IDW interpolation algorithm explicitly works on the assumption that things which are closer to each other are more alike than those which are farther apart42. The interpolated values are essentially estimated by the local weighted averages, as shown in formulas (3) and (4):

$$Z_0{{{\mathrm{ = }}}}\mathop {\sum }\limits_{i{{{\mathrm{ = 1}}}}}^n Z_i\lambda _i$$
$$\lambda _i{{{\mathrm{ = }}}}\frac{{\frac{1}{{d^p}}}}{{\mathop {\sum }\nolimits_{{{{\mathrm{i = 1}}}}}^n \frac{1}{{d_i^p}}}}$$

in which Z0 and Zi are the estimated value at a predicted point and the observed value at a given point, respectively; λi is the weight value, which is a positive real number; n represents the number of sampled points used for the estimation. Greater values of p grant greater influence on values which are closest to the point to be interpolated43. The parameter prediction for the target location is a summation of the product of ‘allotted weights’ and ‘measured values’ for all sites. After reviewing numerous literature, p is taken to be 1–4 for the current study to optimize the atmospheric corrosion map.

Cross Validation

Cross validation was carried out in 700 stations in China to evaluate the performance of IDW interpolation algorithm. After extracted from the interpolation, the predicted corrosion rate is estimated by the observed data obtained from the closest 10 stations44. Then the predicted corrosion rate is compared with the extracted data. Both the corrosion rate and corrosion category of 700 stations and the results can be statistically analyzed. Three statistical methods were employed in this study include MAE (Eq. (5)), MRE (Eq. (6)), and RMSE (Eq. (7)), respectively.

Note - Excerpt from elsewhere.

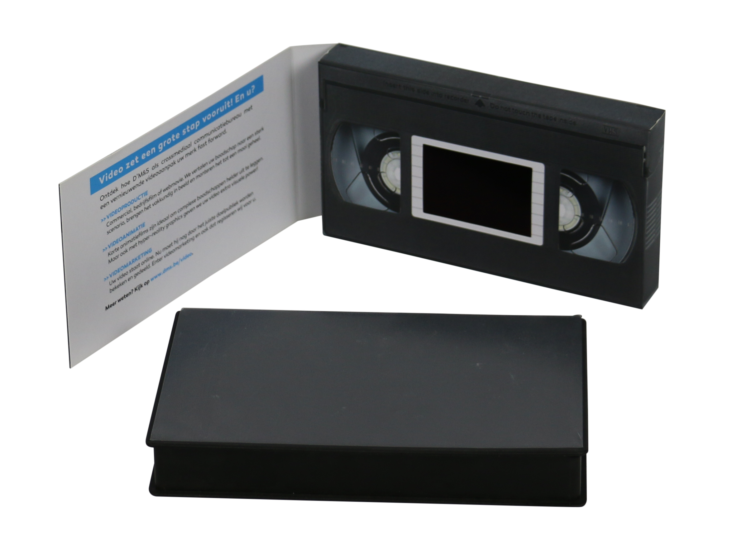 Een videobrochure is een openvouwbare kaart waarin een LCD-scherm, luidspreker en batterij geïntegreerd zijn. Wanneer de brochure geopend wordt, start automatisch een video. Zo combineer je tastbare beleving met dynamische content.

$${{{\mathrm{MAE = }}}}\frac{1}{n}\mathop {\sum }\limits_{i{{{\mathrm{ = 1}}}}}^n \left| {Z_i - Z_0} \right|$$
$${{{\mathrm{MRE = }}}}\frac{1}{n}\mathop {\sum }\limits_{{{{\mathrm{i = 1}}}}}^n \frac{{\left| {Z_i - Z_0} \right|}}{{Z_i}}$$
$${{{\mathrm{MRSE}}}} = \sqrt {\frac{1}{n}\mathop {\sum }\limits_{{{{\mathrm{i}}}} = {{{\mathrm{1}}}}}^n \left( {Z_i - Z_0} \right)^2}$$

where Z0 and Zi are the predicted corrosion rate and the corresponding observed corrosion rate at point i at the same point, respectively. The smaller the values of MAE, MRE, and MRSE, the higher the interpolation precision.